A series of case studies from all over the globe are presented. True Cost Accounting for FoodThese consequences get more depth, contours, or nuance by adding depth and nuance. The contributors discuss water systems in California’s Andes and cotton production in Egypt. Others look at the social reverberations that food choices have on our lives.
6. Abundance: Nature in Recovery
By Karen Lloyd
The title of the collection is Karen Lloyds essay collection. Abundance: Nature in Recovery,This is a positive attitude. Lloyd looks for examples of investments in natural ecosystem restoration and bringing species back from the brink of extinction around the world. Lloyd’s writing is not a trivialization of the many challenges ecosystems face. Some of the most thought-provoking passages in the book are meditations on what humans choose to save or let go.

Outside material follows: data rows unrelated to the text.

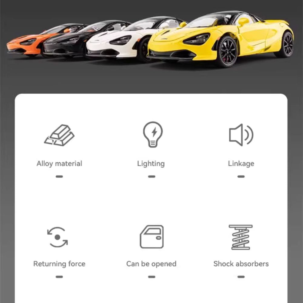 McLaren 720S Modellauto (1:24): Super Sportwagen aus Metall mit Licht & Sound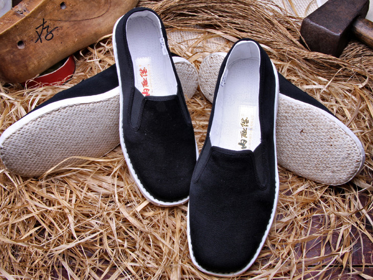 手工千层底春秋礼巾舌边布鞋,采用传统正绱工艺,穿着舒适大方,鞋面采用礼服呢布面,鞋里为棉布,鞋底为纯布底,穿着轻便舒适。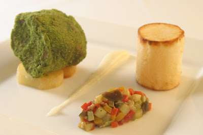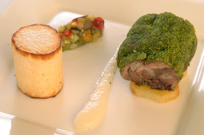 8. טובלים כל נתח בשר בפירורי הלחם הירוקים ומניחים על צלחת לצד תפוח אדמה קונפי ורטטוי (ראו הצעת הגשה בתמונה), והרי לכם מנה פרובנסאלית אמיתית בלי לנסוע לפרובאנס.
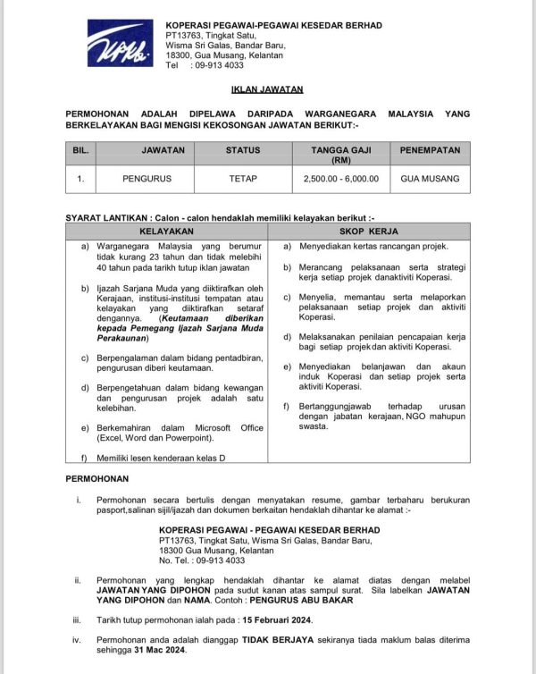 IKlan Jawatan Koperasi Pegawai-Pegawai Kesedar Berhad Like serta Ikut Facebook Kami, follow Chanel WhatsApp Jawatan Kosong & Telegram Portal SPA9 untuk capaian pantas kekosongan jawatan daripada kami sekarang.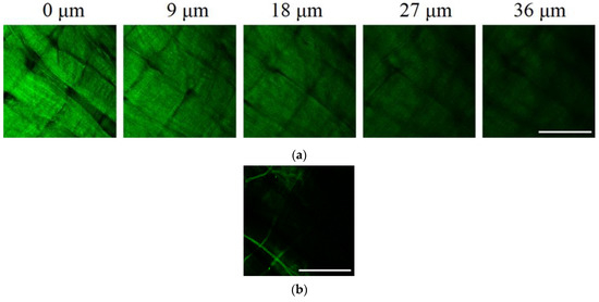 SHG images of the GSCM. (a) Collagen bundles in the form of laminae at different depths; (b) collagen in the form of cords at the sample’s surface (Scale bar = 100 µm). The SHG signal from collagen is marked by green.

7. Death of a Whale – The Challenge of Anti-Whaling Activism and Indigenous Rights
By Paul Watson
How does the world’s most well-known anti-whaling campaigner, Paul Watson, reconcile his life’s purpose with Indigenous nations’ cultural traditions? Paul Watsons Death of a whaleWe can see both the internal struggle of the animal lover and the external fight to save it. Captain Watson, founder and leader of the Sea Shepherd Conservation Society tracks a campaign to stop Makah people from hunting gray whales in Pacific Northwest.
Watson wrestles with themes that range from relativism to life’s sanctity, and tries to steer his storytelling towards an adventure story and a parable about living that encourages us all to question our long-held beliefs.
8. The Arbornaut: Life in the Trees Above Us: A Life of Discovery on the Eighth Continent
By Meg Lowman
Tree canopies high above forests hold a dizzying range of life. Meg Lowman, a scientist who has been closely watching these ecosystems for decades, has climbed to this eighth continent or soared high above them. In The ArbornautShe shares some of the secrets in this ethereal wine terroir. Few readers will resist allowing a little bit of Lowman’s infectious enthusiasm for the treetops to rub off on them.
9. Cull 2031
By Nick Thomas
The only fiction entry on Mongabays list 2021 is here Cull 2031Imagine a future in which climate activists see violence as a way out of the crisis. It is a chilling thought that might make you wonder: How could we all unite to prevent such a fate?
10. Wild Souls: Freedom and Flourishing In The Non-Human World
By Emma Marris
What does it mean for a person to be wild? Emma Marris explores these questions and more in her reporting. She packs a lot of insight. Wild Souls. The book shows how profoundly humans have impacted the world and the lives it supports. It also asks what role we should play in saving that life. The end result is philosophically oriented and tends to favor pragmatism over purism, acceptance of a world that has been altered by humans rather than insisting on a perfect world.
Banner imageA mountain lion in California’s Santa Susana Mountains. Image by the U.S. National Park Service via Wikimedia Commons (Public domain).